↓

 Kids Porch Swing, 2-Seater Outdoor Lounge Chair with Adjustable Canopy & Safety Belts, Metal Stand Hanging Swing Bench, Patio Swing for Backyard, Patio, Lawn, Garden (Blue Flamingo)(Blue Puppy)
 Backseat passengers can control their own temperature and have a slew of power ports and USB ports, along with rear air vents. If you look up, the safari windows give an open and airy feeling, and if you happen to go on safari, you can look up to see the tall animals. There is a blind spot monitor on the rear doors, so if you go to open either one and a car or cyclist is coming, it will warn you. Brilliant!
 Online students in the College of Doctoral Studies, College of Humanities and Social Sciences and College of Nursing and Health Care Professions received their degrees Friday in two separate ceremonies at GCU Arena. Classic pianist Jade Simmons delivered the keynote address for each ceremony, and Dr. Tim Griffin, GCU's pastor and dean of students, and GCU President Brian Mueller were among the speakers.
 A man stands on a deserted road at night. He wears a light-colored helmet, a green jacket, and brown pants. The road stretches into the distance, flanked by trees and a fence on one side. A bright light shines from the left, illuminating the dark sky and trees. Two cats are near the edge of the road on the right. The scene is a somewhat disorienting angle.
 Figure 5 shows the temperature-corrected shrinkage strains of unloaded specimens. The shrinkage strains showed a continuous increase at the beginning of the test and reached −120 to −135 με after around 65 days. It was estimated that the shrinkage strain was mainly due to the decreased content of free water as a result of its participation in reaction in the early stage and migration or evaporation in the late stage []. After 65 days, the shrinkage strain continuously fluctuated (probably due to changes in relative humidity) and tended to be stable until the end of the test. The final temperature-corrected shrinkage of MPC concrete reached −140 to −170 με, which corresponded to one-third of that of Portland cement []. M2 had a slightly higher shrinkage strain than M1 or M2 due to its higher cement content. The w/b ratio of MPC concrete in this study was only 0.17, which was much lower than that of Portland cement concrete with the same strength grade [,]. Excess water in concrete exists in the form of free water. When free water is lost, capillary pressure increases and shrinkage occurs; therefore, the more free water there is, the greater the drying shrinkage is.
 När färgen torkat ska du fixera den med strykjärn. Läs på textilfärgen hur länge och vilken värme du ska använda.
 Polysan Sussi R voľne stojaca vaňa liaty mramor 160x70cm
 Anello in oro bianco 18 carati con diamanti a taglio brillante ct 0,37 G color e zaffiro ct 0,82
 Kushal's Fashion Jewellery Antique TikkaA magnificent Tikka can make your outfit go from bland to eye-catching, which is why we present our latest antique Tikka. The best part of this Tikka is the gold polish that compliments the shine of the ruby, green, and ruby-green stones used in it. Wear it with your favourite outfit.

↑

Say only how many lines above contain "green", with no other words.

2